> _Work order_
Without the pictures, repeat the listing character for character.

> _Stored data_
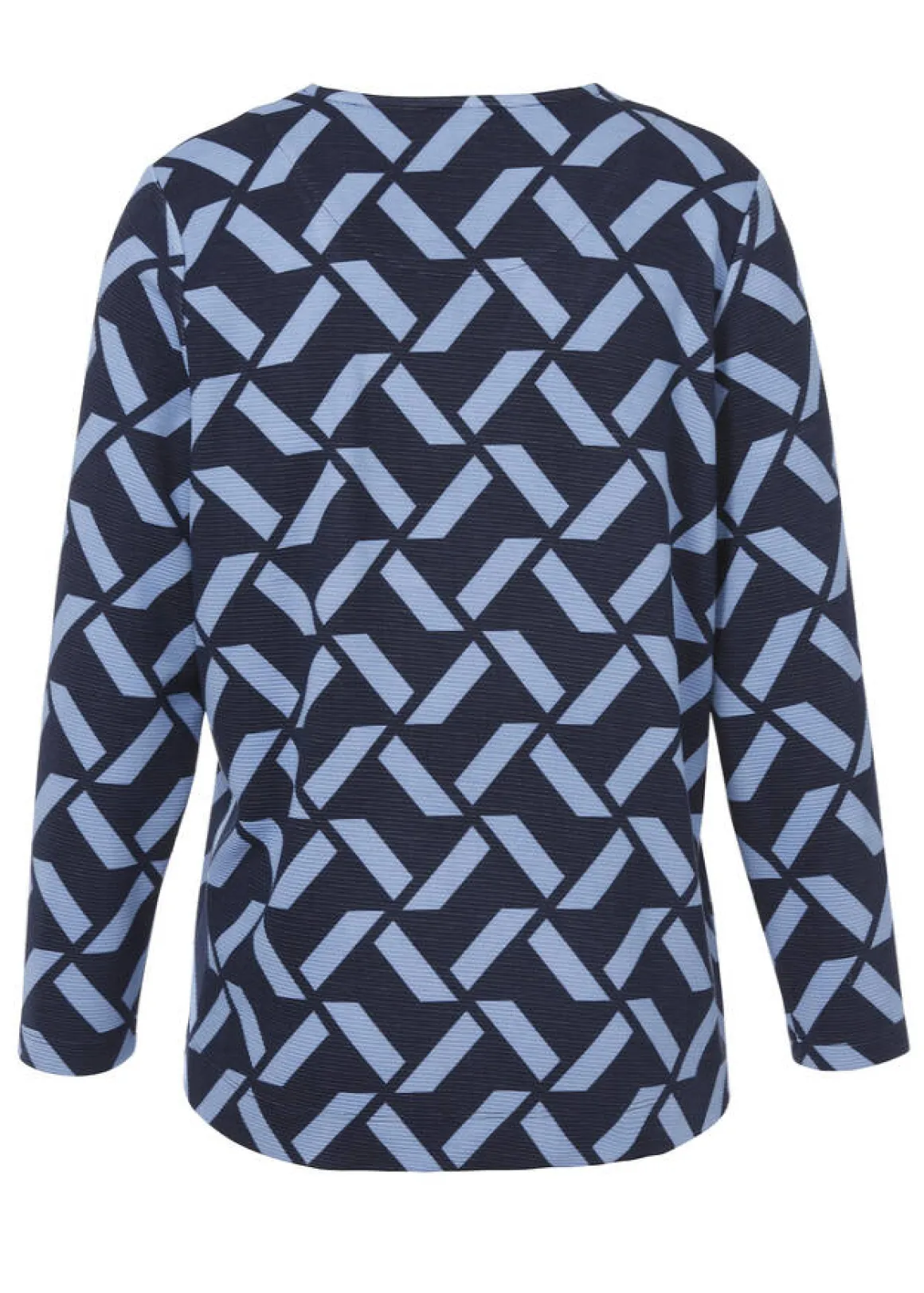 Sweatshirt in leichter Ripp-Struktur mit geometrischem Muster in harmonierenden Blautönen. Lockerer Sitz und bequemer Tragekomfort durch weiche Qualität mit Stretchanteil.
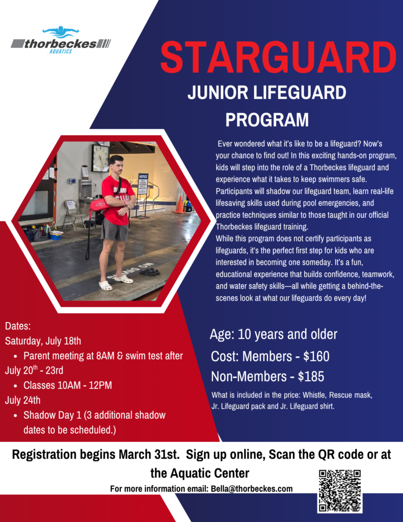 Ever wondered what it’s like to be a lifeguard? Now’s your chance to find out! In this exciting hands-on program, kids will step into the role of a Thorbeckes lifeguard and experience what it takes to keep swimmers safe. Participants will shadow our lifeguard team, learn real-life lifesaving skills used during pool emergencies, and practice techniques similar to those taught in our official Thorbeckes lifeguard training.
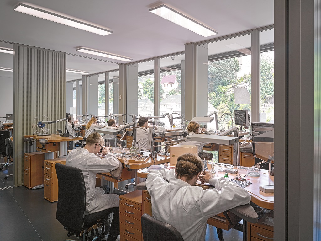 В ультрасовременных мастерских часовщики могут работать в условиях отсутствия внешней пыли. Двухслойный климатический фасад позволяет регулировать состояние воздуха в помещении.
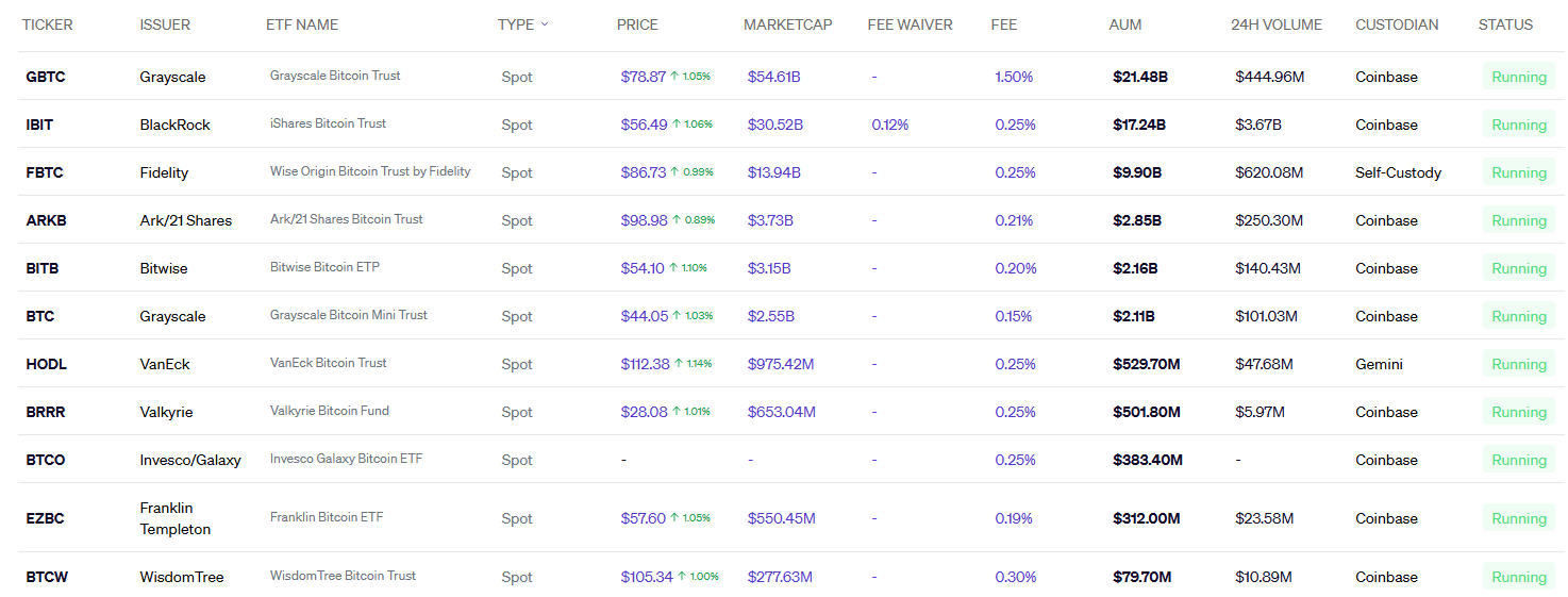Rok 2024 sa nesie v znamení partnerstiev medzi kryptomenovými spoločnosťami a finančnými gigantmi, ako sú Visa či BlackRock. Sme svedkami masívnych investícií týchto inštitúcií do kryptomenových ETF fondov, čím sa sprístupňujú digitálne aktíva širšiemu publiku. Zoznam týchto ETF môžete vidieť na obrázku nižšie na základe údajov Blockworks.

> _Result for this task_
 Sweatshirt in leichter Ripp-Struktur mit geometrischem Muster in harmonierenden Blautönen. Lockerer Sitz und bequemer Tragekomfort durch weiche Qualität mit Stretchanteil.
 Ever wondered what it’s like to be a lifeguard? Now’s your chance to find out! In this exciting hands-on program, kids will step into the role of a Thorbeckes lifeguard and experience what it takes to keep swimmers safe. Participants will shadow our lifeguard team, learn real-life lifesaving skills used during pool emergencies, and practice techniques similar to those taught in our official Thorbeckes lifeguard training.
 В ультрасовременных мастерских часовщики могут работать в условиях отсутствия внешней пыли. Двухслойный климатический фасад позволяет регулировать состояние воздуха в помещении.
Rok 2024 sa nesie v znamení partnerstiev medzi kryptomenovými spoločnosťami a finančnými gigantmi, ako sú Visa či BlackRock. Sme svedkami masívnych investícií týchto inštitúcií do kryptomenových ETF fondov, čím sa sprístupňujú digitálne aktíva širšiemu publiku. Zoznam týchto ETF môžete vidieť na obrázku nižšie na základe údajov Blockworks.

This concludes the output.